I just think guns makes it too easy to kill.




			
				mudge said:
			
		

> As for hunting, as long as you are eating your kill I see nothing wrong with it. Trophy hunters on the other hand, fuck 'em.



I agree 100%

Trophy hunting is the worst form of animal cruelty.


----------



## section8 (Jan 14, 2007)

bio-chem said:


> remember how the brady bill did absolutely nothing against crime in its ten year trial period? and then how not a peep was made when it quietly expired?



This to me bring up another good point, why make more legislation concerning gun control?  WE NEED TO ENFORCE THE LAWS WE HAVE.


----------



## section8 (Jan 14, 2007)

Jamandell (d69) said:


> I'm completely against use of guns, and I'm glad here in the UK all handguns are banned.
> You keep hearing about all these kids killed in schools, and the only way to stop it in my opinion is to take away the guns from the public.



If you take away guns form the private citizen, does it take away guns from criminals?  No, criminal are just that, criminals, they do not abide by the law.  If a kid wants to blow away his class mates, there are other ways of doing that and if they want a pistol bad enough, do you think a criminal is going to have enough morals to not sell one to a teenager?  I mean c'mon what is next, do we ban fertilizer and keep the citizens from buying that so they can for example, fertilize their gardens and yards, b/c some teenager can learn how to make a bomb using the stuff on the internet?  Which brings up another point, we might as well ban the internet too.


----------



## Bakerboy (Jan 14, 2007)

I think hand guns should be restricked to hot women and children only. I'm okay with rifles for hunters who are going to feed their families with the meat, and are respectful, not wasteful- but not for crazy people like me.  Sadly, I can't be trusted.


----------



## Mudge (Jan 14, 2007)

viet_jon said:


> Say you come home to find a dude in bed with your wife. Your initial anger would justify the use of your gun to shoot him in the head. But if you had no gun, could the average guy really beat someone to death? After a two minute beating, your senses might come to you, and you might think of the consequences. But once you pull that split second trigger, it's too late.

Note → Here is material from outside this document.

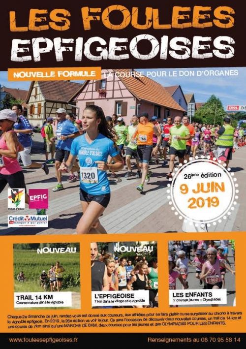 Les Foulées Epfigeoises vous proposent pour la 26 ème édition deux nouvelles courses : un trail de 14 km dans le vignoble et une course de 7 km ainsi qu’une marche de 8km, deux courses pour les jeunes et des olympiades pour les enfants.
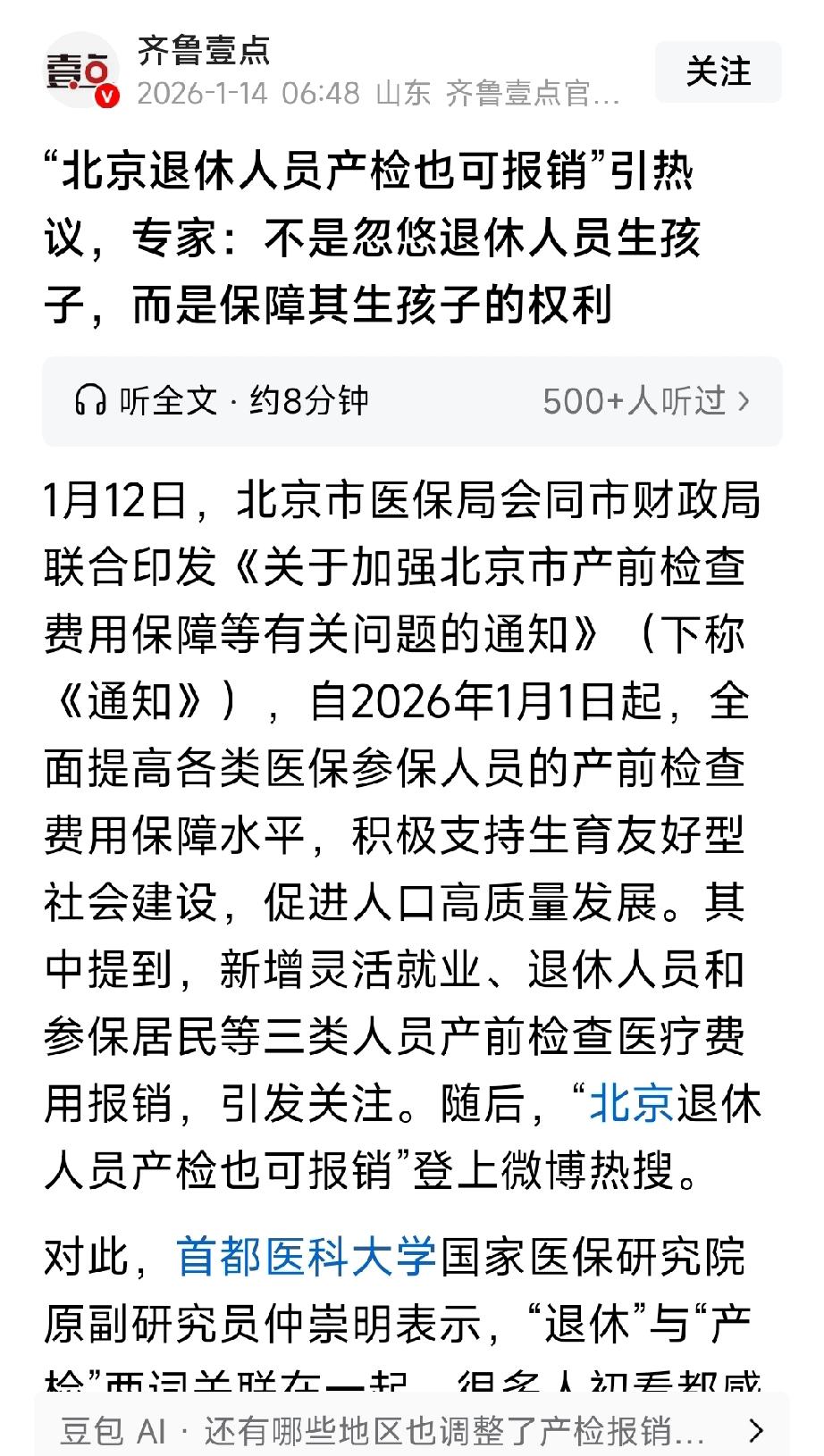 特大喜讯!自2026年1月1日起,北京退休人员产检费用可可以报销。此外,90岁以上生育者每月可领取1万元抚养费。

This is unfortunate, but should everyone else be punished because a few in the gene pool are fucktards?


----------



## DOMS (Jan 14, 2007)

Mudge said:


> This is unfortunate, but should everyone else be punished because a few in the gene pool are fucktards?



This is how life works now: the lowest common denominator.  Put another way: stupid mother fuckers ruin if for everyone else.


----------



## ABCs (Jan 14, 2007)

In the states where gun posession in public is LEGAL, there is an almost non existant crime rate. After all, if your a theif, your going to think twice about robbing some innocent citizen if they are carrying the same weapon as you. Besides, taking our guns away gives more power to the government, the same exact thing that liberal SAY they are against... go figure, their the ones that want to take the guns away from all of the LAW abiding, tax paying citizens. Please, someone exaplain to me how that works?


----------



## lucifuge (Jan 14, 2007)

KelJu said:


> Hell Yes! Either you act right or you die. You kill someone, you die! You hurt a child, you die. You sexually abuse anyone, you die.
> 
> We should also start hanging politicians. You take advantage of your political office for personal gains, you die!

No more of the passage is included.